A traditional Indian sweet preserve made with pointed gourds (parwal/pulwal) stuffed with fresh ginger and cooked in sugar syrup until candied. This preserve can be stored for several days.

Ingredients

  • 2 pounds Fresh pointed gourds (pulwals/parwal), large (Original recipe called for 4 pounds; scaled down for modern use)
  • 2 tablespoons Fresh ginger, peeled and bruised (For stuffing)

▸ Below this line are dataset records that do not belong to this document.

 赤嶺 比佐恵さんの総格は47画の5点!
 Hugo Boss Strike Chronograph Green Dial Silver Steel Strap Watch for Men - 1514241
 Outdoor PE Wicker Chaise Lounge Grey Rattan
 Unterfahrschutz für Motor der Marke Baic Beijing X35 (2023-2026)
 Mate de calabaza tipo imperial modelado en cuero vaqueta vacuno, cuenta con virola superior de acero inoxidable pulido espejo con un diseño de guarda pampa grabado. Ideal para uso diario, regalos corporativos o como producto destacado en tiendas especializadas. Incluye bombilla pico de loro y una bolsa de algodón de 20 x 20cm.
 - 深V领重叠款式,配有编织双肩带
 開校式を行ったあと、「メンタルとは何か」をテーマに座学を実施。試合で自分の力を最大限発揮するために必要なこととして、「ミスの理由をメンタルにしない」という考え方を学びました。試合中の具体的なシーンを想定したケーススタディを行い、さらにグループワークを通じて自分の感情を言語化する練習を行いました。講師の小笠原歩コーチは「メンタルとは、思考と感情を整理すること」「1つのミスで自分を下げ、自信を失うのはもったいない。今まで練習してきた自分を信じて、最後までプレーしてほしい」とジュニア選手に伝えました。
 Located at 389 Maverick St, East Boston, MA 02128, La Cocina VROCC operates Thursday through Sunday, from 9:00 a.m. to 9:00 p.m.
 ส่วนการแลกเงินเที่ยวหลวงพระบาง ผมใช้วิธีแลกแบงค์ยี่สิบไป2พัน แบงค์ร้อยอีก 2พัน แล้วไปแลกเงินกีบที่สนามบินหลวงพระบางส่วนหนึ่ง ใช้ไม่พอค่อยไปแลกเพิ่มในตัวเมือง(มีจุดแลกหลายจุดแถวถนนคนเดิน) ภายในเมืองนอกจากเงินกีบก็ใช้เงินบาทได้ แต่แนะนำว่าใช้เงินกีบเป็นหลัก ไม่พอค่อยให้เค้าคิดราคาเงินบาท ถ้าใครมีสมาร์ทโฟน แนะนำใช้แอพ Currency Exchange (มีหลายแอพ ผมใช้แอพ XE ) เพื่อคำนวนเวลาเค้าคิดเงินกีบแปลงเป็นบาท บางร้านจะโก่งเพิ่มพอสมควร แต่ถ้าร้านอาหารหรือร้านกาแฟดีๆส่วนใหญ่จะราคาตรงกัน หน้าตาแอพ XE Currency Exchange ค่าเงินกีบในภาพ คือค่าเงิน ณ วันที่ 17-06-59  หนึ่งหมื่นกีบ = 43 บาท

  • 1 cup Sugar (For syrup)
  • 0.5 cup Water (For making syrup)
  • 1 piece Fine cotton thread or kitchen twine (For tying the stuffed gourds)

Instructions

  1. 1Thoroughly scrape or grate the outer surface of the pulwals to remove any rough skin. Make a lengthwise slit halfway through each pulwal and carefully remove the seeds. Place the prepared pulwals in a bowl of clean water.

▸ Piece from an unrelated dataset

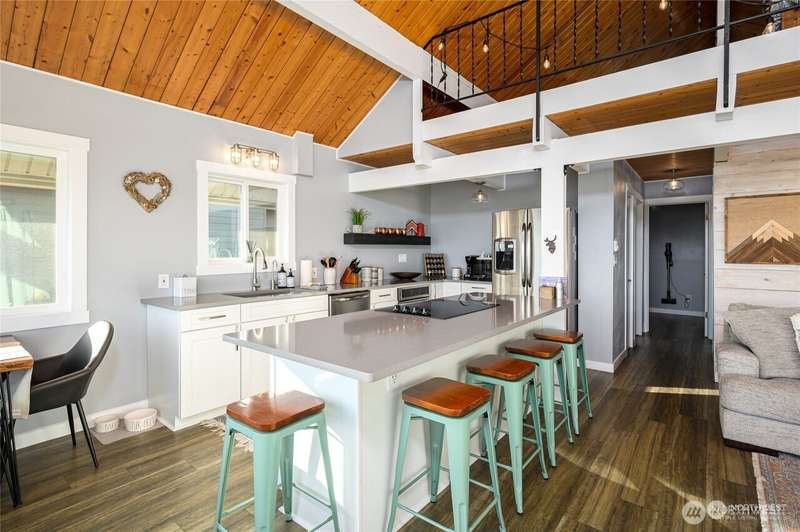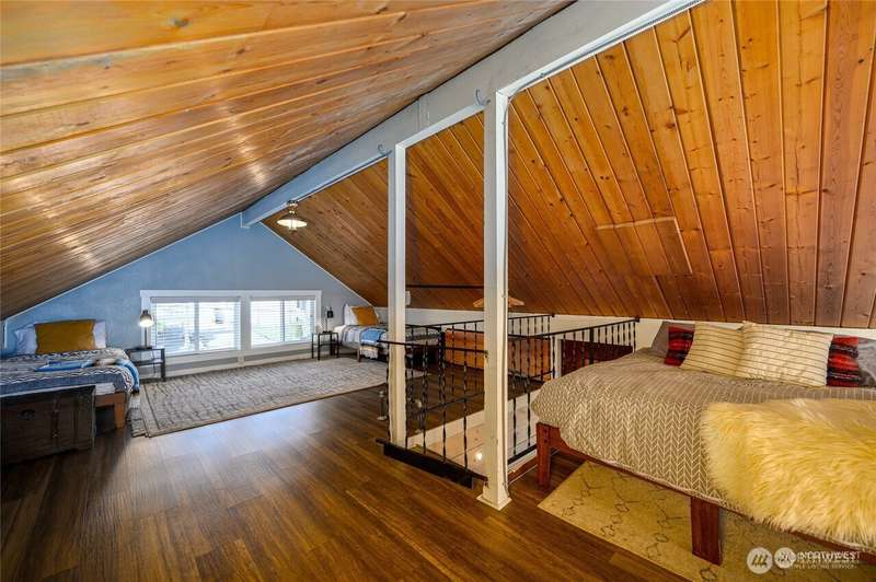 Welcome to this beautifully maintained 2 bed + open loft, 1 bath waterfront home in the desirable Sandy Point community! Enjoy fiery sunrises from the freshly stained deck overlooking 62' of waterfront with low bank access for easy kayak & SUP launch. East-facing with gorgeous backdrop of Mt. Baker & Twin Sisters, this charming, updated beach house features soaring tongue & groove ceilings, an updated kitchen w/ new refrigerator, an updated bath, and a spacious loft that accommodates 4–6. Other features include new W/D, new roof in May, newer siding & windows. Community amenities include private golf course, marina, pickle ball & tennis courts, clubhouse & pool. Operating as an active Airbnb/short-term rental with all furnishings included.

  2. 2Bring a pot of clean water to a boil. Add the prepared pulwals and parboil them for 3-4 minutes until slightly tender but still firm. Remove them from the water and transfer to a colander.

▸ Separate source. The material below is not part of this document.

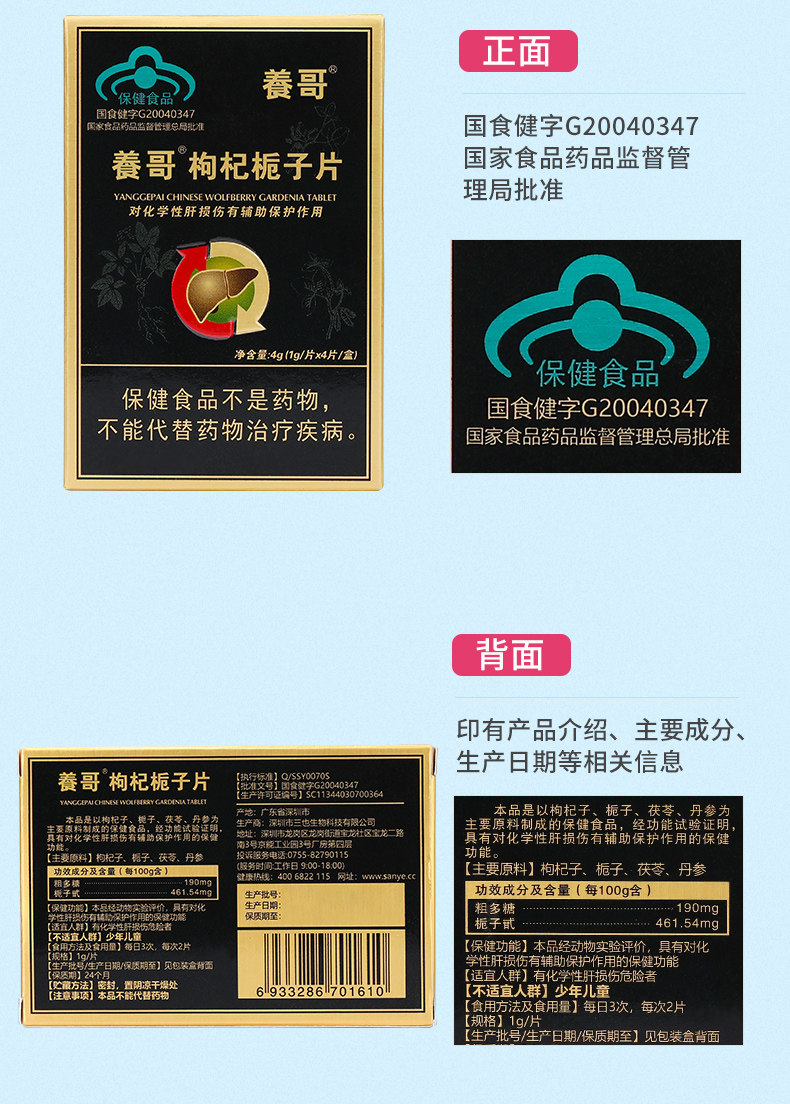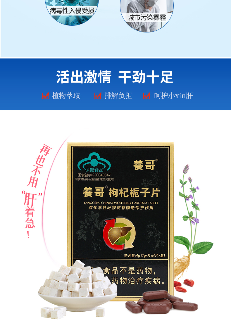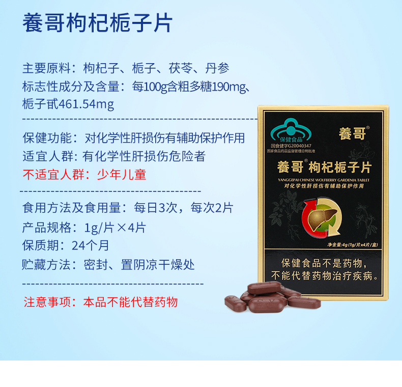 【2盒装共8片】养哥枸杞栀子片 解酒养护对化学性肝损伤有辅助保护作用 2盒共8片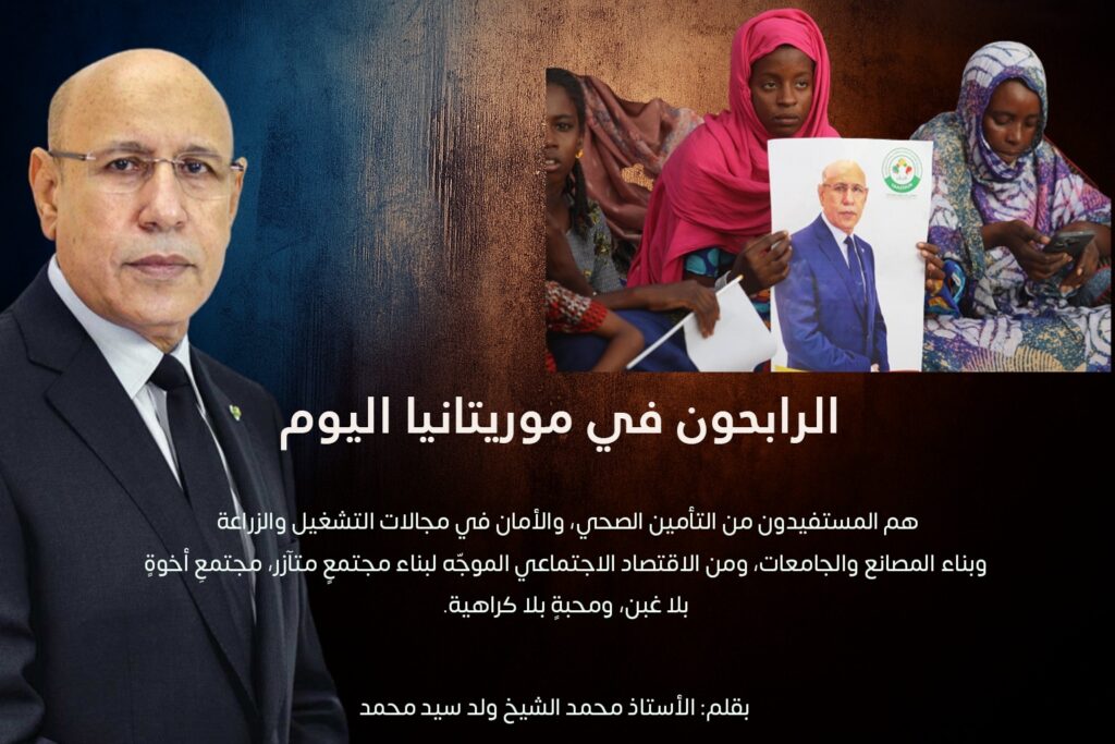 الرابحون اليوم في موريتانيا؛ هم المستفيدون من التأمين الصحي، والأمان في مجالاتِ التشغيلِ والزراعة وبناءِ المصانعِ والجامعاتِ، ومن الاقتصادِ الاجتماعي الموجّه لبناء مجتمعٍ متآزرٍ، مُجتمعِ أخوةٍ بلا غبن، ومحبةٍ بلا كراهية.

  3. 3Allow the parboiled pulwals to drain thoroughly in the colander and air dry for 10-15 minutes until no excess moisture remains.
  4. 4Stuff each pulwal with some bruised fresh ginger in the slit cavity. Tie or bind each stuffed pulwal with fine cotton thread to keep the filling secure and maintain shape during cooking.
  5. 5In a wide, heavy-bottomed pan, combine the sugar and water. Heat over medium heat, stirring occasionally, until the sugar completely dissolves and the syrup comes to a boil. This creates a strong syrup.
  6. 6Carefully place the stuffed and tied pulwals into the boiling syrup. Reduce heat to low and allow them to simmer gently for 20-25 minutes, turning occasionally, until they change color and become translucent with a golden hue.
  7. 7Using a slotted spoon, carefully remove the cooked pulwals from the syrup and set aside in a clean bowl. Continue to boil the syrup over medium heat for 10-15 minutes until it thickens to a honey-like consistency.
  8. 8Return the cooked pulwals to the thickened syrup. Allow to cool completely, then transfer to a clean, sterilized jar. Store in the refrigerator.
  9. 9After 2-3 days, check the syrup. If it has become thin or shows signs of fermentation, remove the pulwals, reboil the syrup for 5-10 minutes until thickened again, then return the pulwals to the syrup and cool.